A Tabular object with transforms

source

TabularProc

 TabularProc (enc=None, dec=None, split_idx=None, order=None)

Base class to write a non-lazy tabular processor for dataframes

These transforms are applied as soon as the data is available rather than as data is called from the DataLoader

source

Categorify

 Categorify (enc=None, dec=None, split_idx=None, order=None)

Transform the categorical variables to something similar to pd.Categorical

While visually in the DataFrame you will not see a change, the classes are stored in to.procs.categorify as we can see below on a dummy DataFrame:

df = pd.DataFrame({'a':[0,1,2,0,2]})
to = TabularPandas(df, Categorify, 'a')
to.show()

	a
0	0
1	1
2	2
3	0
4	2

Each column’s unique values are stored in a dictionary of column:[values]:

cat = to.procs.categorify
cat.classes

{'a': ['#na#', 0, 1, 2]}

source

FillStrategy

 FillStrategy ()

Namespace containing the various filling strategies.

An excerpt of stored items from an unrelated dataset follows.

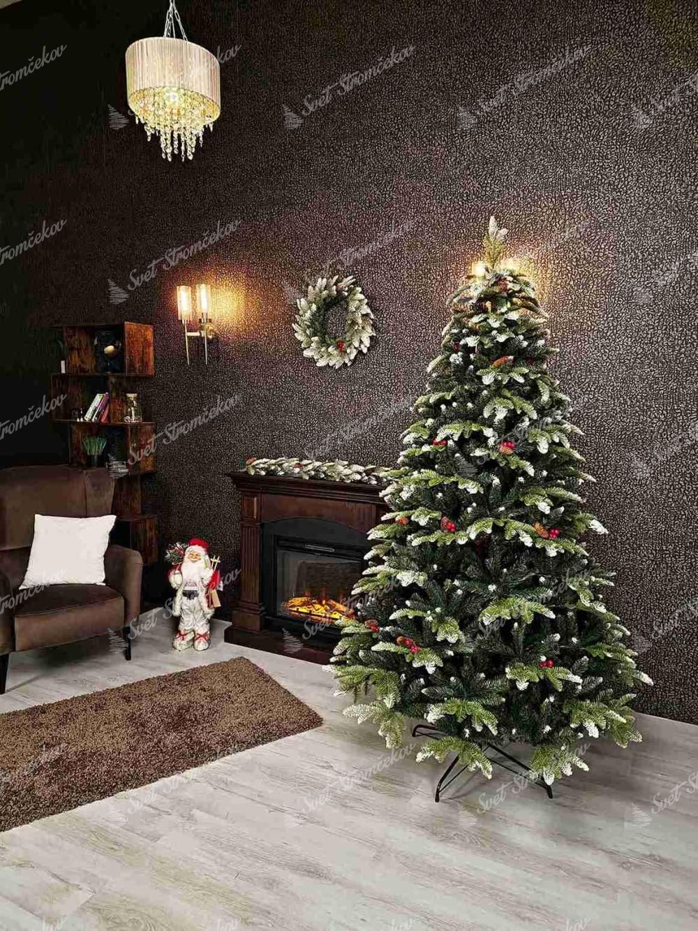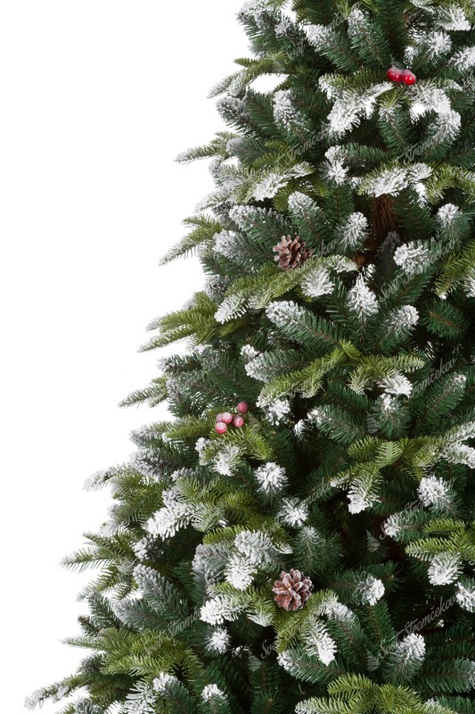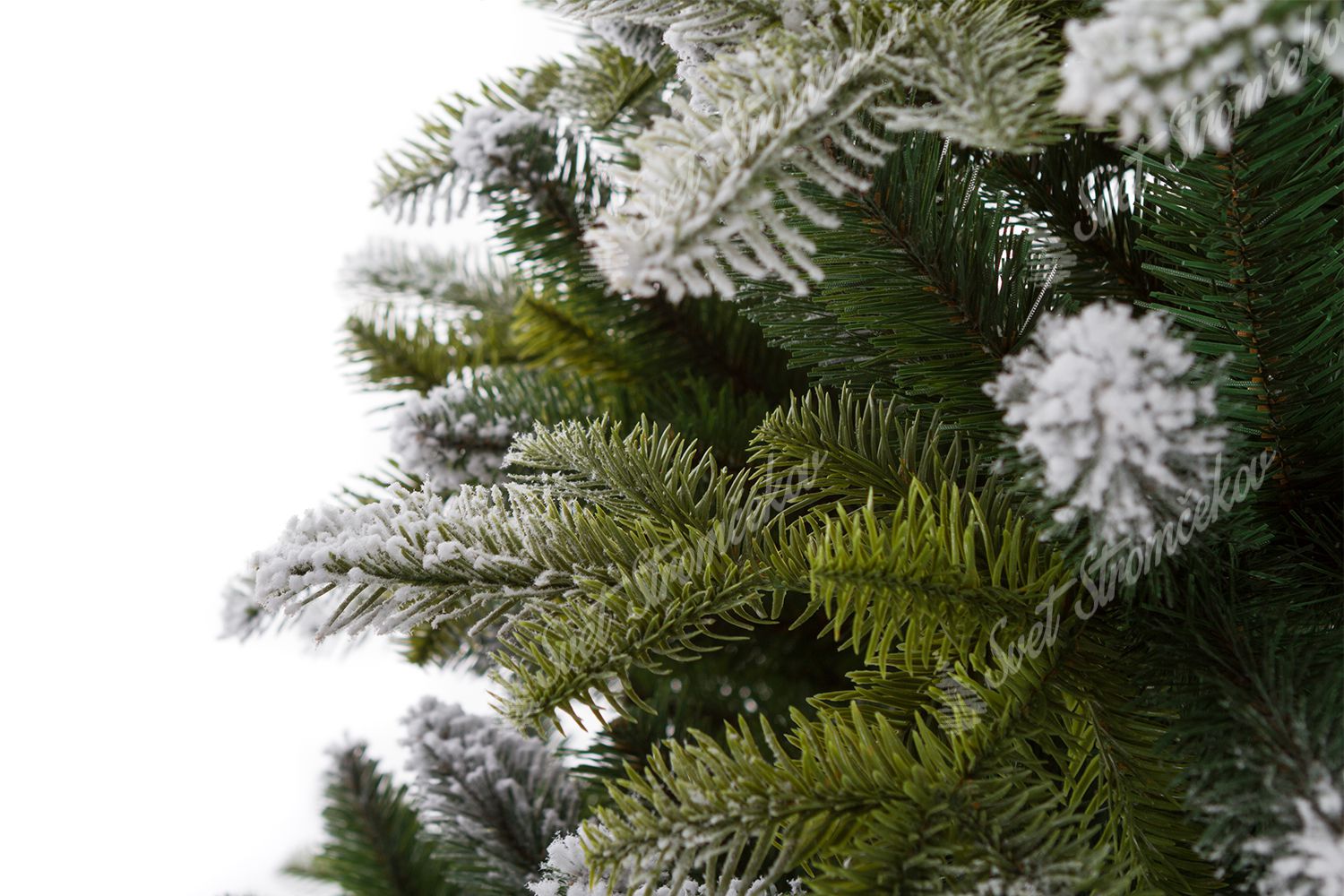 Umelý vianočný stromček 3D Jedľa Zasnežená sa vyznačuje sa husto zasneženými vetvičkami po okrajoch celého stromčeka. 3D ihličie je doplnené aj zasneženými šiškami a lesnými plodmi, vďaka ktorým má stromček nádherný tradičný vzhľad. Okrem 3d ihličia je stromček doplnený klasickým PVC ihličím, ktoré je taktiež na koncoch vetvičiek zasnežené, čím dokonalo imituje živý zasnežený stromček.
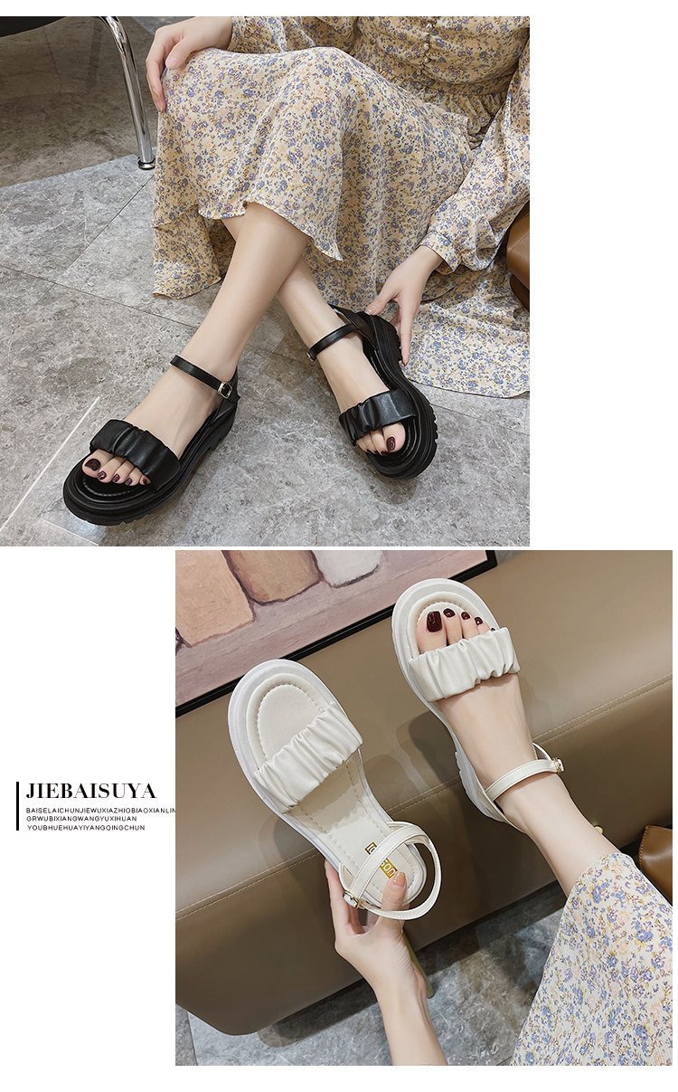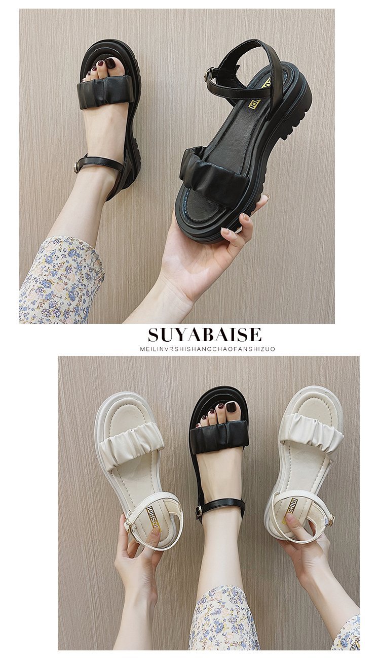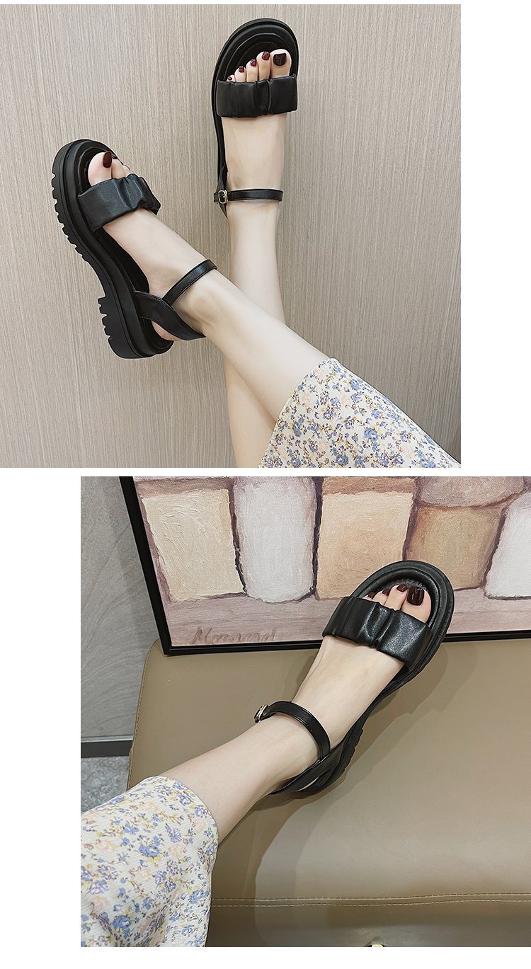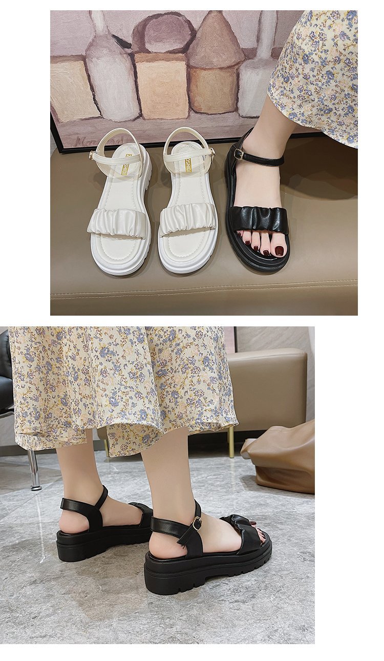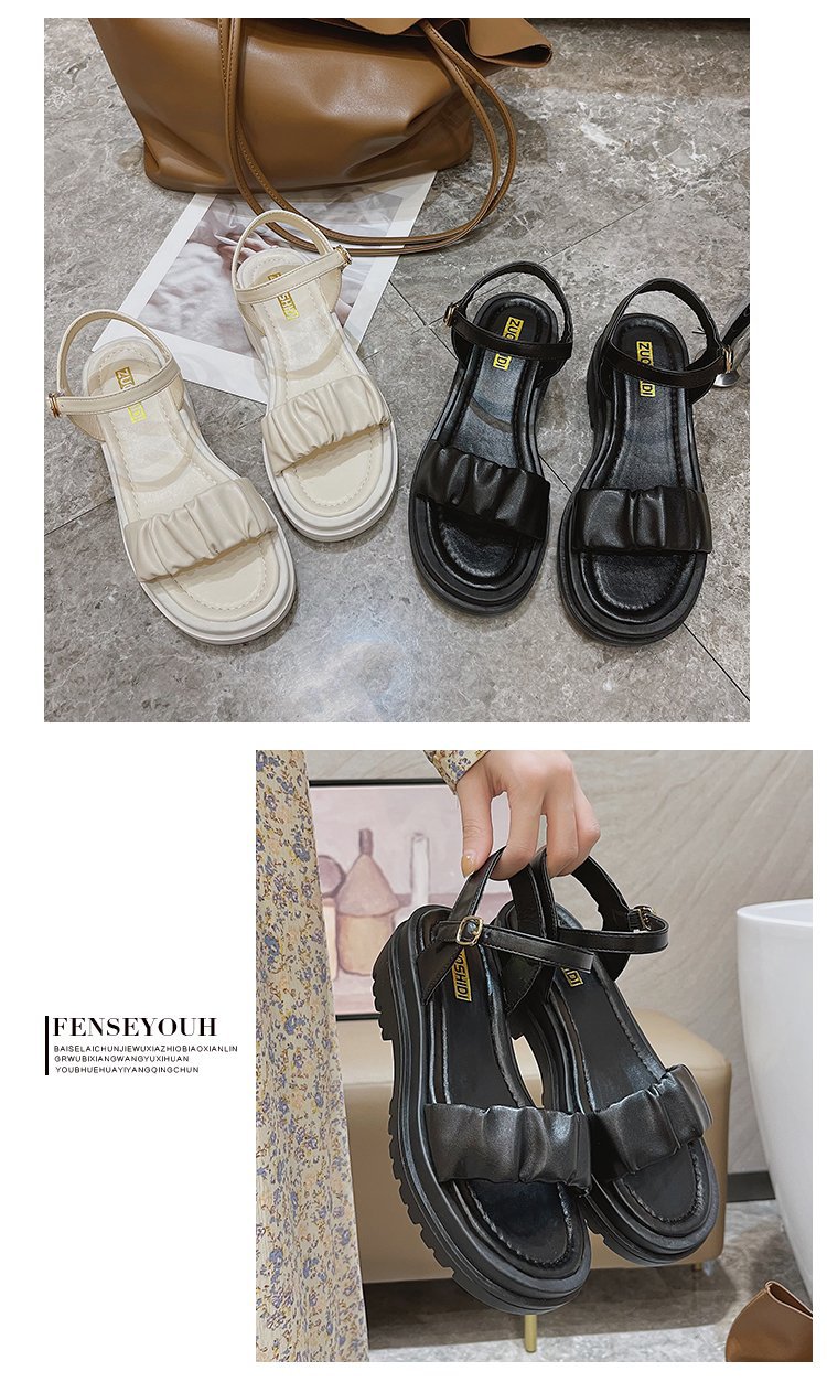 标题:仙女风罗马凉鞋女2021夏季网红松糕平底学生ins沙滩凉鞋一字扣带
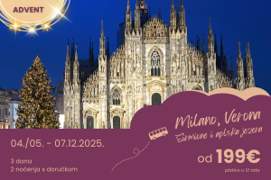 Talijanska prijestolnica mode Milano uz božićne dekoracije postaje još elegantnija, a prijestolnica ljubavi Verona još romantičnija. Ljubitelji prirode uživat će tijekom ovog putovanja u pogledu na bajkovita jezera Como, Lugano i Garda te idilične snježne planinske vrhove.
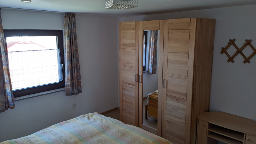 Ein großes Schlafzimmer mit Doppelbett (160 x 200) befinden sich um Obergeschoß. In dieses Schlafzimmer kann ein vorhandenes Kinderbett hinzugestellt werden.
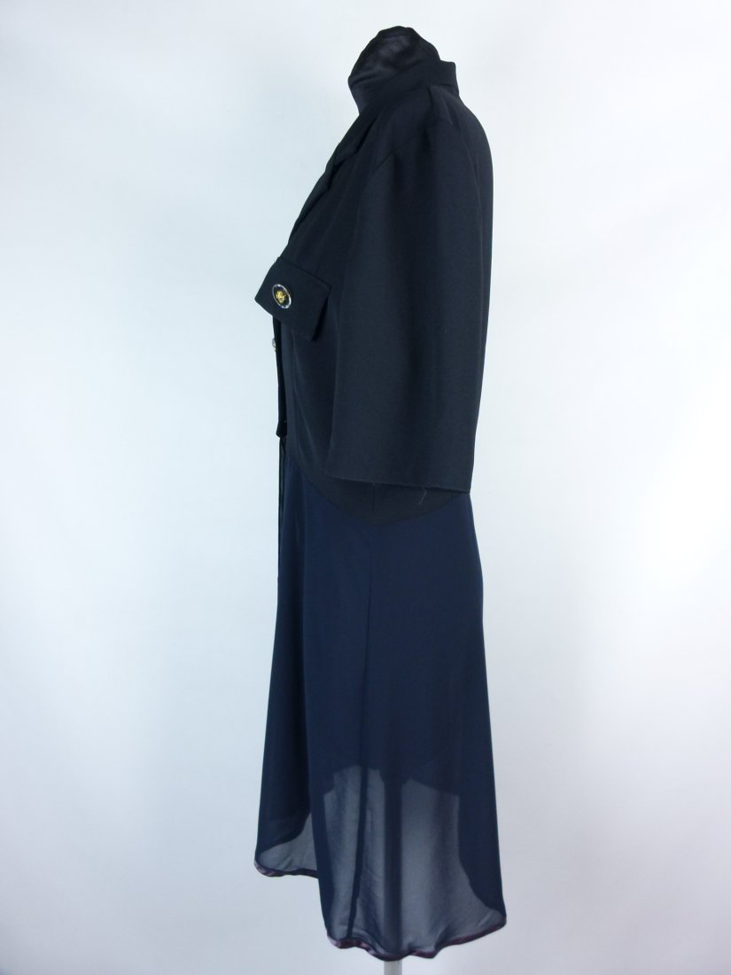 żakiet bez podszewki , krótkie rękawy , od pasa przedłużony szyfonową tkaniną
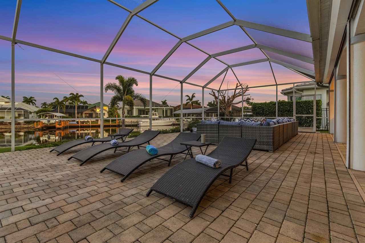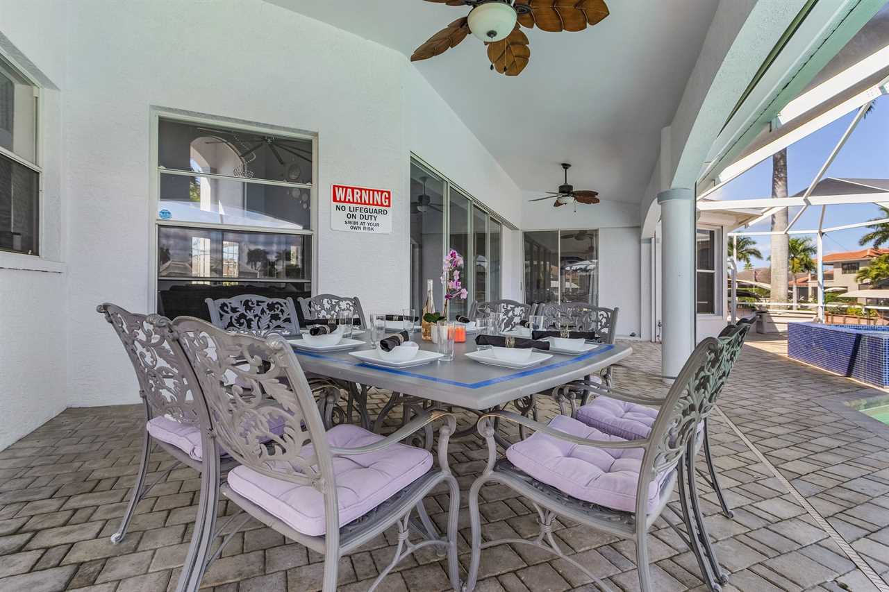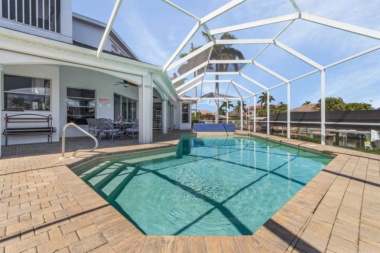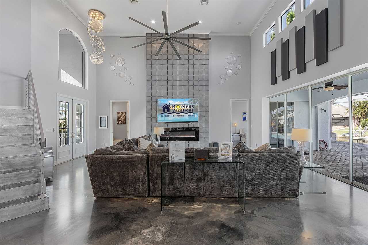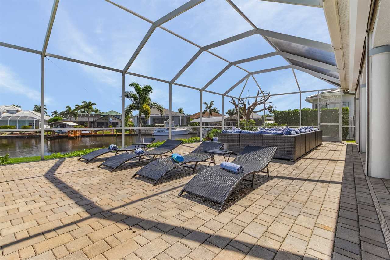 While the inside of this home is beyond luxurious, you will find the true highlight of Villa Whispering Palms when you walk outside. Outside you will find your own private paradise with a large screened in lanai, outdoor kitchen and custom pool, with a brand NEW hot tub. This pool is perfect for soaking up the Florida sun, splashing around or playing pool games. Plenty of outdoor furniture gives you and your guests plenty of options for where to relax and take in the Florida fresh air. Spend your evenings relaxing on the large outdoor couch and electric fireplace. Make yourself a drink and enjoy the views of the canal. Villa Whispering Palms sits on a large lot and has a spacious backyard. Here you have room to play a game of cornhole or walk down to the dock where you can fish or search for Southwest Florida Wildlife.
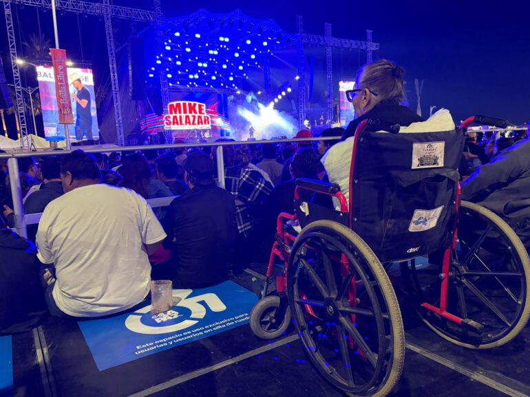 Asimismo, se otorgó acceso gratuito a la plataforma de ajuste razonable para visibilidad de personas usuarias de silla de ruedas, un templete ubicado frente al escenario principal del malecón que permitió una experiencia cómoda.
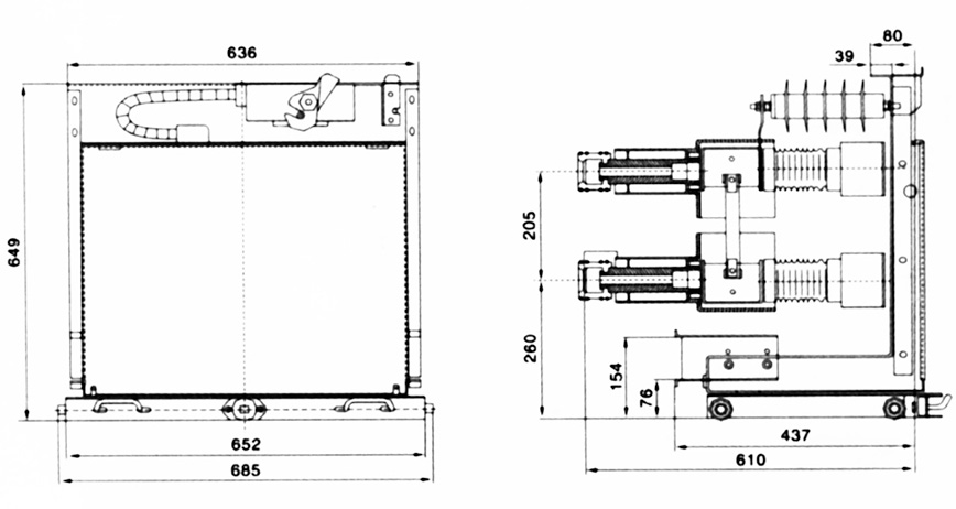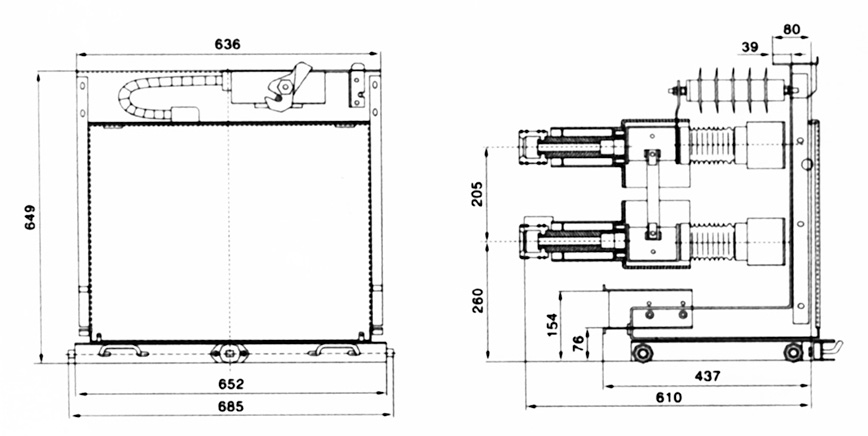 此車型適用于配置JDZ(X)10<G>型電壓互感器,安裝尺寸圖參照大連第一互感器廠,如配置其他型號電壓互感器,訂貨時(shí)需另外注明。熔斷器按XRNP-10型或RN2-10型配置。
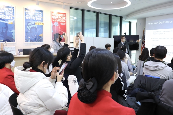 평택 아메리칸 코너를 가득 채운 학생들로부터, 특히 양국의 공공외교 방향과 현직 외교관에게 듣는 외교 배경, 미국 외교관으로의 업무 등에 대한 질문이 많아 행사 내내 뜨거운 열기가 이어졌다.
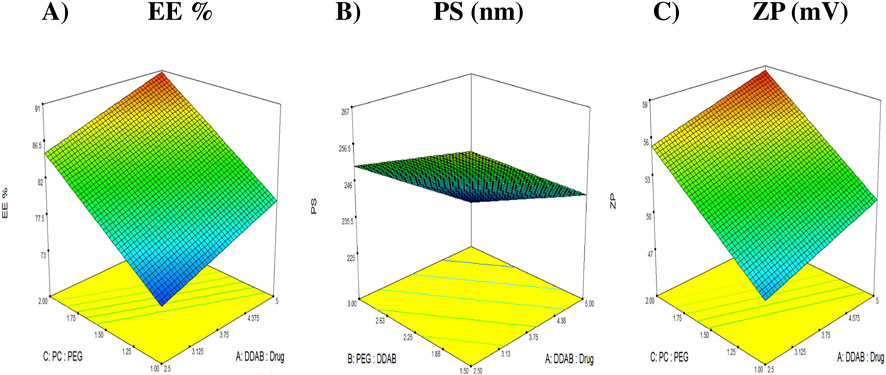 Figure 1. 3D response plots illustrating the effect of DDAB: drug ratio (factor X1), PEG: DDAB ratio (factor X2) and PC: PEG ratio (factor X3) on entrapment efficiency (%EE), particle size (PS), and zeta potential (ZP). (A) %EE. (B) PS (nm). (C) ZP (mV).
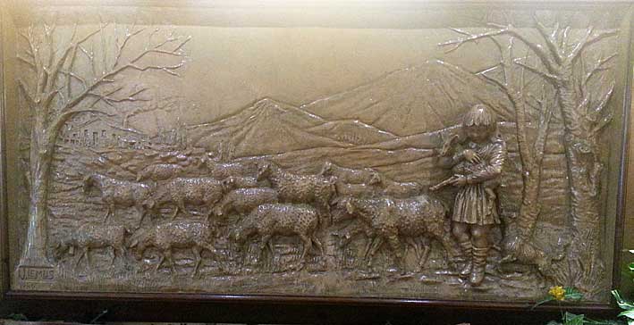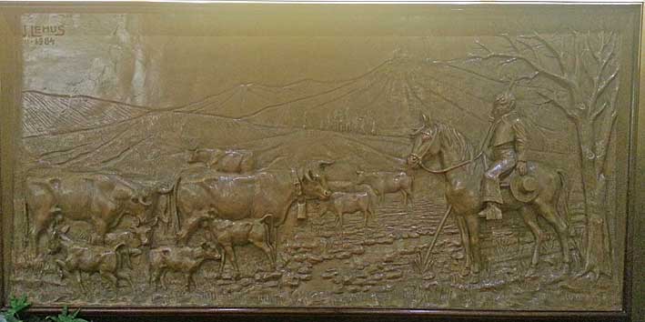 En el restaurante bar La Montanera , quizas este la mayor exposición y colección de grandes altos relieves, de mas de dos metros de ancho, obras de Lemus fechado todos a principio de los años 80 del pasado siglo XX y como pueden ver su temática central son escenas camperas del pastorero del ganado bovino, ovino y cerdos en el engorde de la montanera .-

Currently, filling with the median, a constant, and the mode are supported.

source

FillMissing

 FillMissing (fill_strategy=<function median>, add_col=True,
              fill_vals=None)

Fill the missing values in continuous columns.

source

ReadTabBatch

 ReadTabBatch (to)

Transform TabularPandas values into a Tensor with the ability to decode

source

TabDataLoader

 TabDataLoader (dataset, bs=16, shuffle=False, after_batch=None,
                num_workers=0, verbose:bool=False, do_setup:bool=True,
                pin_memory=False, timeout=0, batch_size=None,
                drop_last=False, indexed=None, n=None, device=None,
                persistent_workers=False, pin_memory_device='', wif=None,
                before_iter=None, after_item=None, before_batch=None,
                after_iter=None, create_batches=None, create_item=None,
                create_batch=None, retain=None, get_idxs=None,
                sample=None, shuffle_fn=None, do_batch=None)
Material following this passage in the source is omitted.